- **EXERCISE INPUT**
§

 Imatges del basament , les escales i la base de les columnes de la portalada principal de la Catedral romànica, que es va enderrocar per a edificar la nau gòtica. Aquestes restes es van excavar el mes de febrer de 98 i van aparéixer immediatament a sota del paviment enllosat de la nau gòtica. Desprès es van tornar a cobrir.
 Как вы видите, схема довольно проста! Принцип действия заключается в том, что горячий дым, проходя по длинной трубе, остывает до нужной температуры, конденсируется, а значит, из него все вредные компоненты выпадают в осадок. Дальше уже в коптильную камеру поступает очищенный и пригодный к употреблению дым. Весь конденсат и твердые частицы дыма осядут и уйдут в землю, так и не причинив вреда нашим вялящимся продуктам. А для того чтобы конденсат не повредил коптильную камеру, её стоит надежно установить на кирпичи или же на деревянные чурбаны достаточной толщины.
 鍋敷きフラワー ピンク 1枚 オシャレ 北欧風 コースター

§

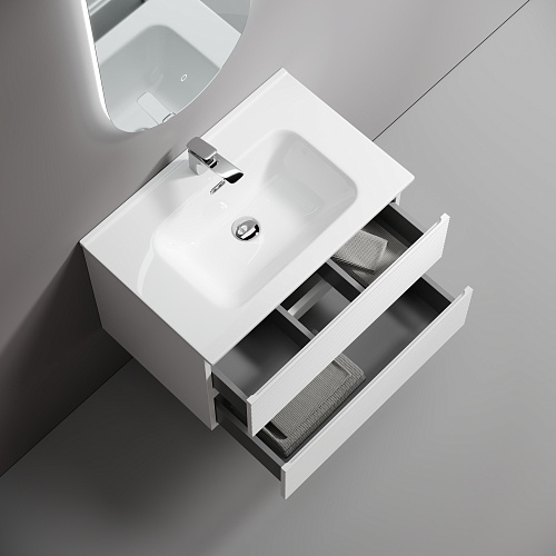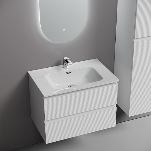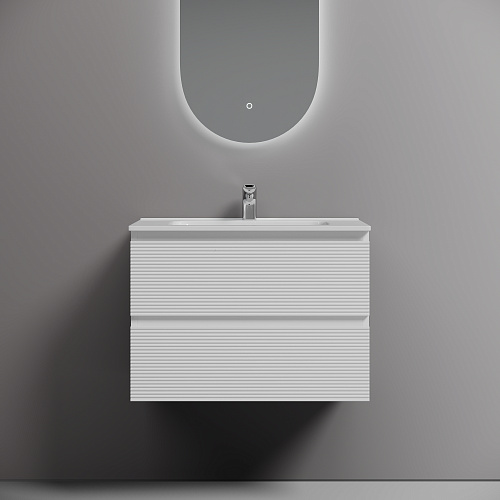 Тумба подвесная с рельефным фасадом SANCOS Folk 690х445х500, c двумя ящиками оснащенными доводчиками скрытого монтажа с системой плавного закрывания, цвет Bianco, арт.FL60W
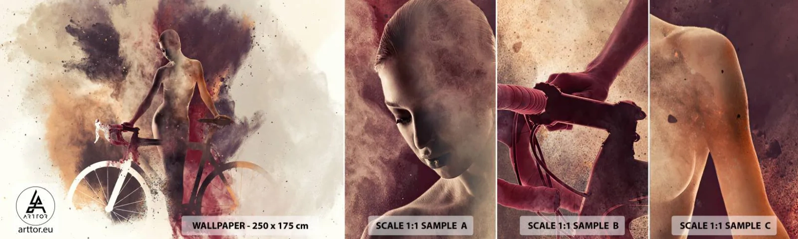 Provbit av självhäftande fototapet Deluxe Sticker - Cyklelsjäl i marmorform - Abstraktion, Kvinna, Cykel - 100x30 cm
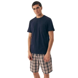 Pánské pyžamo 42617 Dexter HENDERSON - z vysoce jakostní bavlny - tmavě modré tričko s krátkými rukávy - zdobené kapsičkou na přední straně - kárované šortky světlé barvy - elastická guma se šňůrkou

§

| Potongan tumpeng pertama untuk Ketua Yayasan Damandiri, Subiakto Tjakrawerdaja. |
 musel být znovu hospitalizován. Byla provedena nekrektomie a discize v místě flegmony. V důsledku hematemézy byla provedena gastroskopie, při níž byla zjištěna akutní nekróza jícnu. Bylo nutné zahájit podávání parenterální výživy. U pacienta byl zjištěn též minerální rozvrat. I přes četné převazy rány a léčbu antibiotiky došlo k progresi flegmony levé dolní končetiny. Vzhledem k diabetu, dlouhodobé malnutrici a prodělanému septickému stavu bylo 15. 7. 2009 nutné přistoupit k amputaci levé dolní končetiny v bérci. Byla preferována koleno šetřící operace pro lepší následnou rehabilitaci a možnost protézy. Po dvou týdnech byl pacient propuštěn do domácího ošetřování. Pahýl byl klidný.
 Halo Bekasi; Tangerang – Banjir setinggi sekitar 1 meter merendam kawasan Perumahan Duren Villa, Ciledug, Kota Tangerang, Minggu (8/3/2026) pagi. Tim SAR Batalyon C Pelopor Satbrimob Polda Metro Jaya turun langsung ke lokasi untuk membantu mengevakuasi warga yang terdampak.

§

- **WORK TO BE COMPLETED**
Copy out each line from the listing that contains the string "untuk".

- **SOLVED PROBLEM**
| Potongan tumpeng pertama untuk Ketua Yayasan Damandiri, Subiakto Tjakrawerdaja. |
 Halo Bekasi; Tangerang – Banjir setinggi sekitar 1 meter merendam kawasan Perumahan Duren Villa, Ciledug, Kota Tangerang, Minggu (8/3/2026) pagi. Tim SAR Batalyon C Pelopor Satbrimob Polda Metro Jaya turun langsung ke lokasi untuk membantu mengevakuasi warga yang terdampak.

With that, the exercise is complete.